Up Here magazine announced this month that the 2020 Sally Manning Award for Indigenous Creative Non-Fiction will go to Peter Igupttaq Autut for his story Winter in Chesterfield Inlet. Second place and third place honours go to Shelly Wiart for My Northern Healing and Carol Rose GoldenEagle’s The Ugly Little Christmas Tree, respectively.
The story of a childhood hunting trip with his father, Autut’s Winter in Chesterfield Inlet will be published in the next issue of Up Here, while the second and third-place winners will appear on Up Here’s website.
This year’s award was judged by authors Michael Kuguksuk and Richard Van Camp, Up Here publisher Marion LaVigne and past winner Cullen Crozier. “His descriptions are so real I can feel the cold right down to the ting in my ear!” said Kuguksuk of Autut’s piece. Van Camp concurred, saying “Peter Igupttaq Autut, I hope you are working on more chapters.”
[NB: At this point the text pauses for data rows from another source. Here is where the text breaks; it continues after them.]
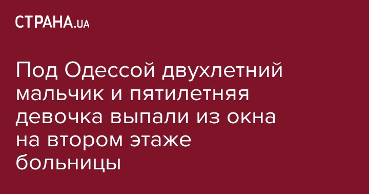 Двухлетний мальчик и пятилетняя девочка выпали из окна больничной палаты, расположенной на втором этаже. Инцидент произошел в Великомихайловской больнице в Одесской области. Пострадавшие малыши - брат и сетстра. В результате падения девочка получила тяжелую черепно-мозговую травму, а мальчик - повреждение позвоночника. Об этом сообщается на сайте ГУНП Одесской области.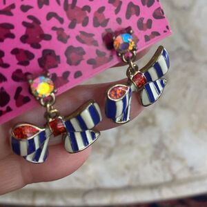 Adorable brand new Betsey Johnson dangle earrings. Pretty blue and white striped dangly ribbons with red accents. Totally giftable.
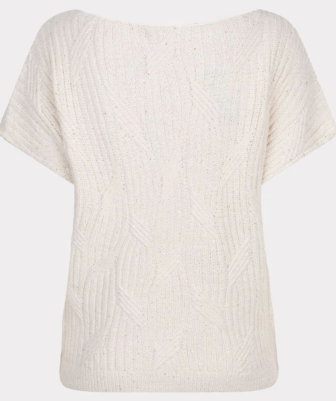 Beige korte mouwen top van het merk Esqualo. Dit item heeft een v-halsje en kapmouwtjes. Het item is voorzien van kleine pailletten waardoor er een glinstering ontstaat. Dit item kan leuk gecombineerd worden met een jeans en een jasje.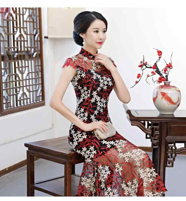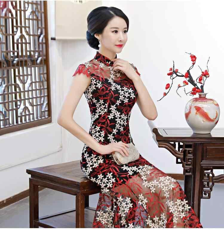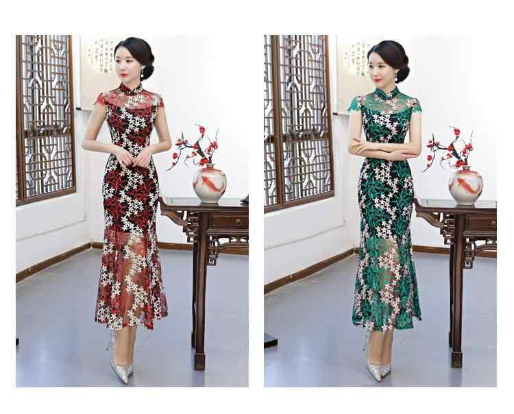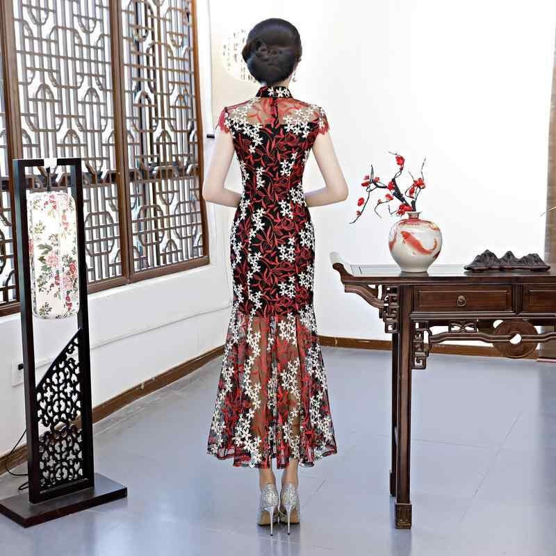 チャイナドレス レディース ロングワンピース レース 刺繍 マーメイド フォーマル パーティードレス ステージ衣装 発表会 演奏会 結婚式 披露宴 立襟 ショートスリーブ スリット レッド グリーン ポリエステル 再生繊維 春夏秋

Autut is a writer and comedian from Igluligaarjuk (Chesterfield Inlet), NU, now based in Iqaluit, NU. He has been writing for Up Here magazine since 2016, and was the inaugural winner of the Crackup Iqaluit Comedy Competition, going on to perform in Ottawa, ON, at the National Crackup Comedy Festival in 2018.
The Sally Manning Award was created by writer and educator Sally Manning upon her death in 2014 to recognize Indigenous literature in the North, with monetary prizes for first, second and third place. The winner receives $1000, while second- and third-place winners receive $500 and $250 respectively.
Autut is the fifth winner of the annual award, which has previously been awarded to Tarralik Durry, Tanya Roach, Dennis Allen and Cullen Crozier.